I’m not a fan of celeb merger-names in general, although Billary for the Clintons was kind of funny. Using Tiger’s given name, Eldrick, you might come up with Elvonn or LindDrick. If we must do this, I’ll go with Tron… but let’s not.
Will Tiger win at Augusta and Merion or Augusta and Muirfield?—Mike Cook via Twitter

I admire your confidence, Cookie. Merion may be too tricked up for Tiger’s taste, although I could see him doing an encore of his Royal Liverpool performance when he ironed his way around the course. Muirfield doesn’t produce bad winners, although Tiger does have bad vibes there from 2002, when he was going to win the Grand Slam in a calendar year, no doubt about, until a freak storm came up just before he teed off in the third round and all but blew him off the course. I like Tiger better at Oak Hill in August for the PGA, actually. Here’s a crazy thought: Why don’t we wait to see if he wins Augusta first?

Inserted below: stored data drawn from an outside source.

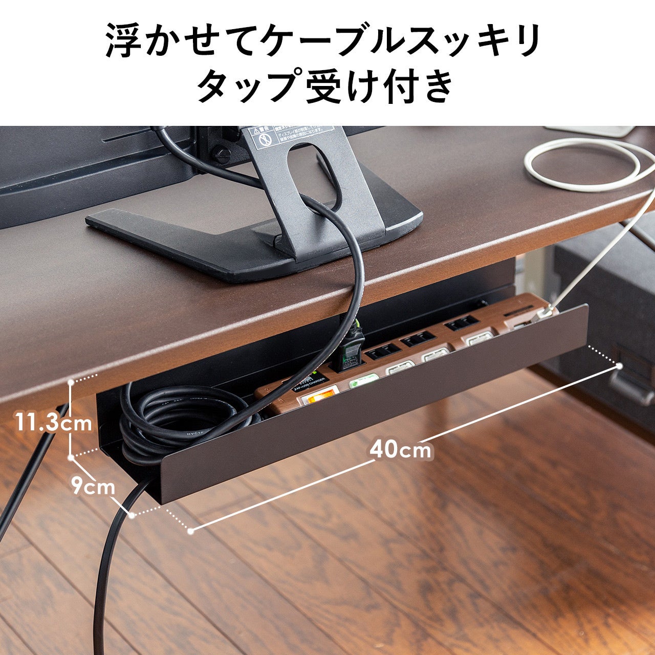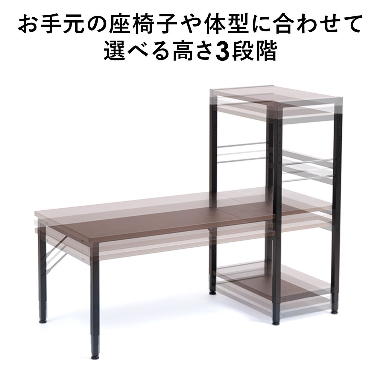 ローデスクとシェルフが一体化したシェルフ付きローデスク。天板は3段階で高さを変えることができ、環境に合わせることができるシェルフデスク。クランプ取り付けに対応し、タップ受け付きで配線もすっきりさせることができる。幅120cm、奥行60cm。ブラウン。【WEB限定商品】【シェルフ付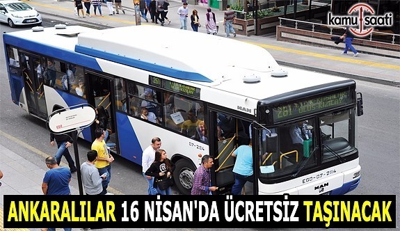 Ankara Büyükşehir Belediyesi, 16 Nisan Pazar günü yapılacak referandum oylamasında, vatandaşların ve sandık görevlilerinin intikallerinin kolaylaştırılması amacıyla, 2935 Sayılı Olağanüstü Hal Kanunu’nun 9/J ve 11. Maddeleri gereğince, toplu taşım araçlarının ücretsiz olarak hizmet vermesini kararlaştırdı.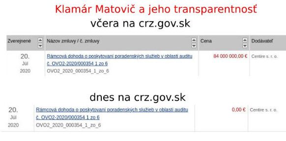 Akonáhle sa to prevalilo, tak Matovič dal vyjadrenie, že to nie je pravda. To medzičasom zmizlo z internetu a poprvýkrát v dejinách Slovenska dodatočne CRZ.GOV.SK upravili a cenu zmenili na 0.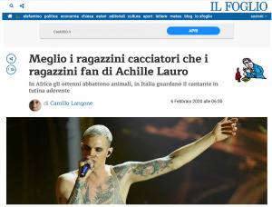 In Italia cosa fanno gli ottenni? Guardano Achille Lauro cantare in tutina aderente mentre la mamma inforna la torta veg? Ovvio che i cinghiali invadano perfino le autostrade… Sant’Uberto, patrono dei cacciatori, proteggi questo ragazzino col fucile, speranza della civiltà”.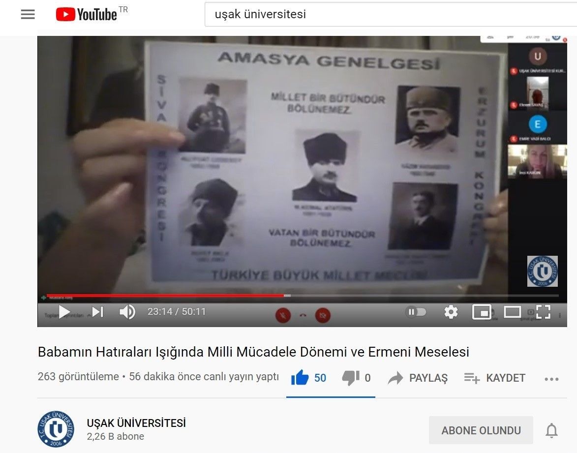 Uşak Üniversitesi Göç Araştırmaları ve Siyaset Uygulama ve Araştırma Merkezi tarafından; Doğu Cephesi Komutanı General Kazım Karabekir'in kızı Timsal Karabekir'in konuşmacı olarak yer aldığı "Babamın Hatıraları Işığında Milli Mücadele Dönemi ve Ermeni Meselesi" adlı çevrimiçi etkinlik gerçekleştirildi. Moderatörlüğünü Göç Araştırmaları ve Siyaset Uygulama ve Araştırma Merkezi Müdürü Dr. Öğretim Üyesi İnci Aksu Kargın'ın yaptığı etkinlik, Uşak Üniversitesi YouTube kanalından canlı yayınlandı.

Will the Masters ever return to the old playoff-hole pattern of 10 and 11? Hole 11 has some good history (see: Larry Mize, Nick Faldo).—Brad Morgan via Twitter

I’m afraid TV says no, Brad. You’re right on, though, and somehow the Masters poobahs have ignored my repeated suggestion for a three-hole playoff using Amen Corner, 11, 12 and 13, which would be awesome. Because the Masters pushes the envelope with a late finish, it needs to stay on 10 and 18 because they’re on high ground and still getting a little sun while 11 and the rest of Amen Corner are at the bottom of the course and get dark first. Seriously, who wouldn’t want to see a playoff go to No. 12?